With pictures excluded, output exactly the lines that run from the first line of the data below through the line containing "7月21日,彭承志行走在安徽合肥蜀西湖邊。".

*** Opening of Data extract ***

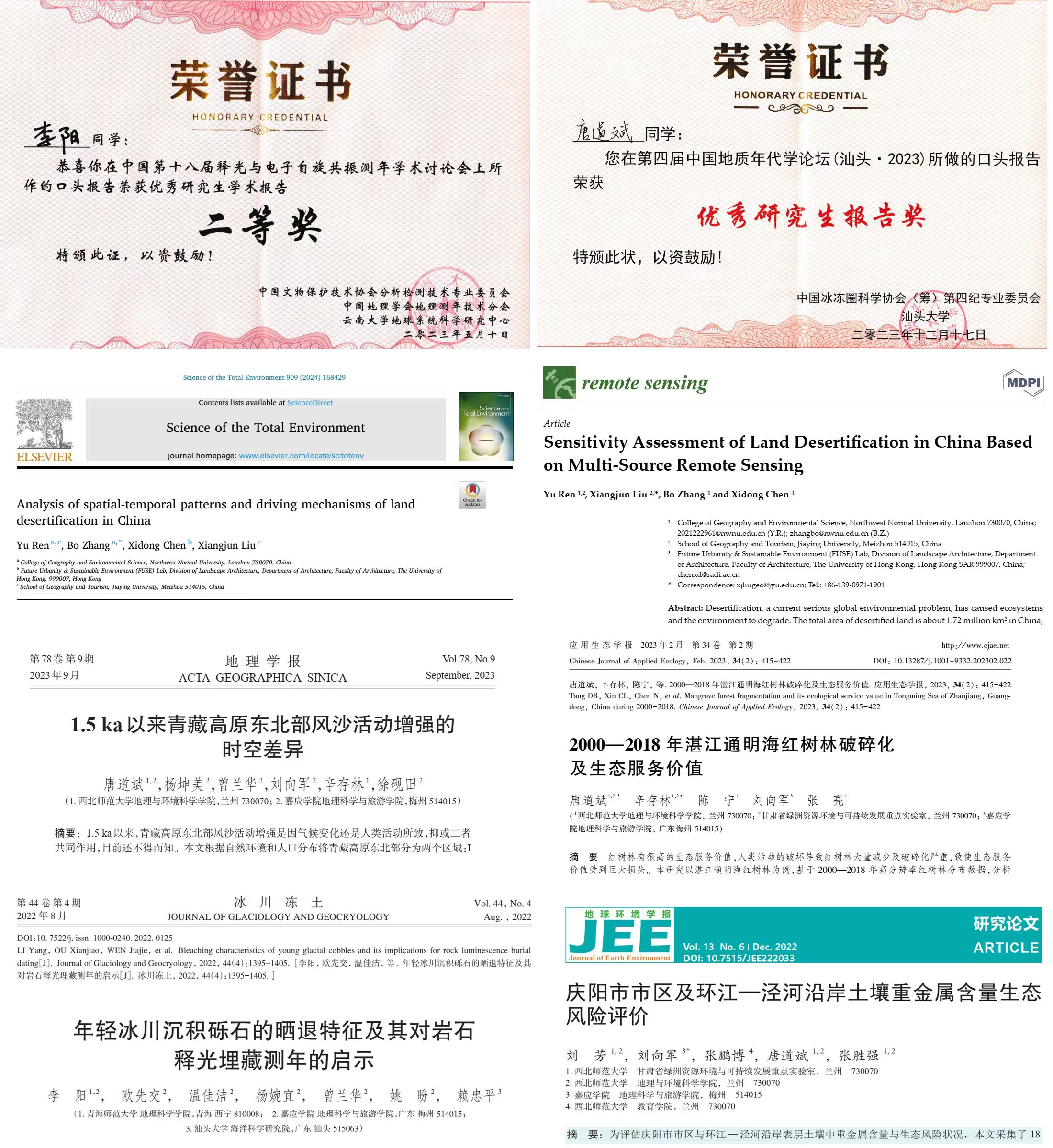 我院校地理科学与旅游学院与外校联合研究生培养取得系列成果。我校院与青海师范大学联合培养的硕士研究生李阳在中国第十八届释光与电子自旋共振测年会议 (2023年)上做口头报告获优秀研究生学术报告二等奖;我院校与西北师范大学联合培养的硕士研究生唐道斌在第四届中国地质年代学论坛(2023年)做口头报告获优秀研究生报告奖。我院校与西北师范大学联合培养的硕士研究生任雨在Science of the Total Environment(2023年,中科院一区TOP,影响因子9.8)和Remote Sensing(2023年,中科院二区TOP,影响因子5)上发表了两篇学术论文。唐道斌在《地理学报》(2023年,中文权威期刊)和《应用生态学报》(2023年,中文核心期刊)上发表了两篇学术论文;李阳在《冰川冻土》(2022年,中文核心期刊)发表了一篇学术论文。我院校与西北师范大学联合培养的硕士研究生刘芳在《地球环境学报》(2022年,中文核心期刊)发表了一篇学术论文。任雨和唐道斌在2023年分别获得了国家研究生奖学金和西北师大校级研究生一等奖学金。
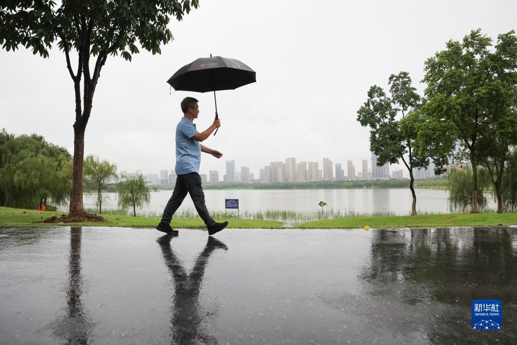 7月21日,彭承志行走在安徽合肥蜀西湖邊。
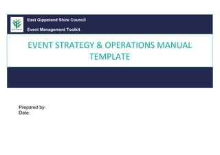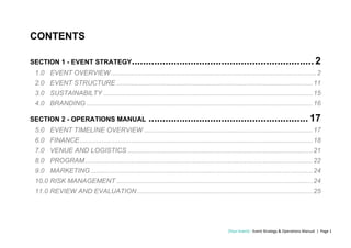 This document provides an event strategy and operations manual template for an event called [Your Event]. The document includes sections on event strategy, which outlines the event overview, vision, values, goals and objectives, activities, SWOT analysis, and competitor analysis. It also includes a section on operations, which provides details on the event timeline, finance, venue and logistics, program, marketing, risk management, and review/evaluation. The template aims to guide event organizers in strategically planning and operationally executing a successful event.

*** Close of Data extract ***

Response area:
 我院校地理科学与旅游学院与外校联合研究生培养取得系列成果。我校院与青海师范大学联合培养的硕士研究生李阳在中国第十八届释光与电子自旋共振测年会议 (2023年)上做口头报告获优秀研究生学术报告二等奖;我院校与西北师范大学联合培养的硕士研究生唐道斌在第四届中国地质年代学论坛(2023年)做口头报告获优秀研究生报告奖。我院校与西北师范大学联合培养的硕士研究生任雨在Science of the Total Environment(2023年,中科院一区TOP,影响因子9.8)和Remote Sensing(2023年,中科院二区TOP,影响因子5)上发表了两篇学术论文。唐道斌在《地理学报》(2023年,中文权威期刊)和《应用生态学报》(2023年,中文核心期刊)上发表了两篇学术论文;李阳在《冰川冻土》(2022年,中文核心期刊)发表了一篇学术论文。我院校与西北师范大学联合培养的硕士研究生刘芳在《地球环境学报》(2022年,中文核心期刊)发表了一篇学术论文。任雨和唐道斌在2023年分别获得了国家研究生奖学金和西北师大校级研究生一等奖学金。
 7月21日,彭承志行走在安徽合肥蜀西湖邊。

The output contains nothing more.